→ What the task asks: Where a picture appears, skip it and copy everything else in the listing exactly.

→ Recorded data:

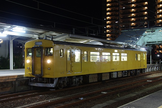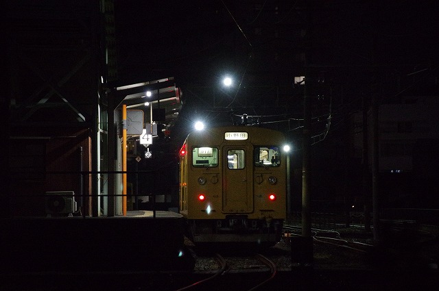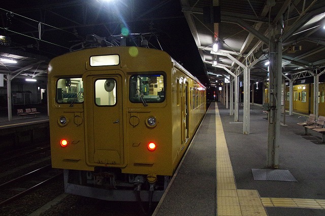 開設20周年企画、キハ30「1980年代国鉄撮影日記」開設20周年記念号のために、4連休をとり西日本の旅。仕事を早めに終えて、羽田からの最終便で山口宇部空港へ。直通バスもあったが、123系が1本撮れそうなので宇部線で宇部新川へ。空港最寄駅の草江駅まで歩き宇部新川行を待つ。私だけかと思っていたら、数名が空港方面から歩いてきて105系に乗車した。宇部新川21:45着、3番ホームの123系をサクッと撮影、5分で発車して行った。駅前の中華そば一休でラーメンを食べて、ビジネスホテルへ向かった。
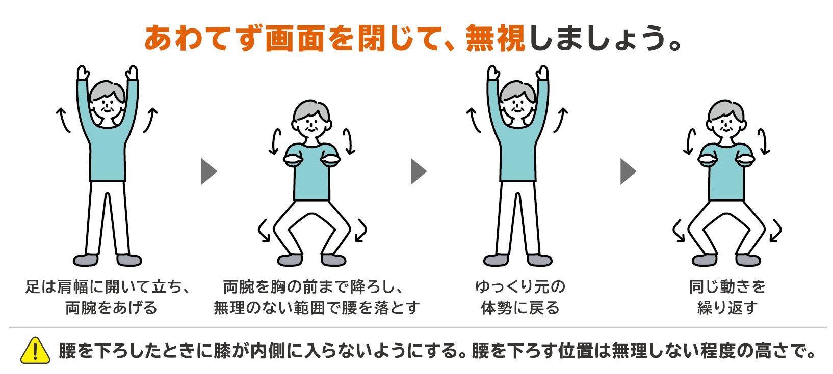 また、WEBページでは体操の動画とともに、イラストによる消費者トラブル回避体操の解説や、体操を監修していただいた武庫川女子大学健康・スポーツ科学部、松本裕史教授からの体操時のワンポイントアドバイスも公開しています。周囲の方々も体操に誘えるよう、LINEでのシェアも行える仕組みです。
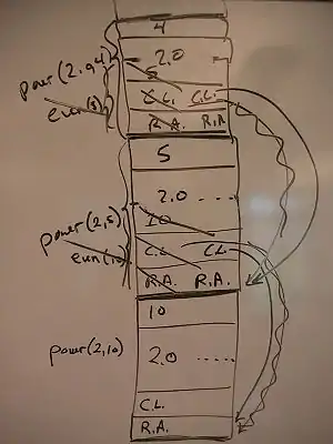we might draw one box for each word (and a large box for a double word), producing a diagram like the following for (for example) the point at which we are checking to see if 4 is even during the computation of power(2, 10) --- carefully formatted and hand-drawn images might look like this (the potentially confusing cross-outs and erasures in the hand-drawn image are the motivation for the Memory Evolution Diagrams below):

→ Solution to this exercise:
 開設20周年企画、キハ30「1980年代国鉄撮影日記」開設20周年記念号のために、4連休をとり西日本の旅。仕事を早めに終えて、羽田からの最終便で山口宇部空港へ。直通バスもあったが、123系が1本撮れそうなので宇部線で宇部新川へ。空港最寄駅の草江駅まで歩き宇部新川行を待つ。私だけかと思っていたら、数名が空港方面から歩いてきて105系に乗車した。宇部新川21:45着、3番ホームの123系をサクッと撮影、5分で発車して行った。駅前の中華そば一休でラーメンを食べて、ビジネスホテルへ向かった。
 また、WEBページでは体操の動画とともに、イラストによる消費者トラブル回避体操の解説や、体操を監修していただいた武庫川女子大学健康・スポーツ科学部、松本裕史教授からの体操時のワンポイントアドバイスも公開しています。周囲の方々も体操に誘えるよう、LINEでのシェアも行える仕組みです。
we might draw one box for each word (and a large box for a double word), producing a diagram like the following for (for example) the point at which we are checking to see if 4 is even during the computation of power(2, 10) --- carefully formatted and hand-drawn images might look like this (the potentially confusing cross-outs and erasures in the hand-drawn image are the motivation for the Memory Evolution Diagrams below):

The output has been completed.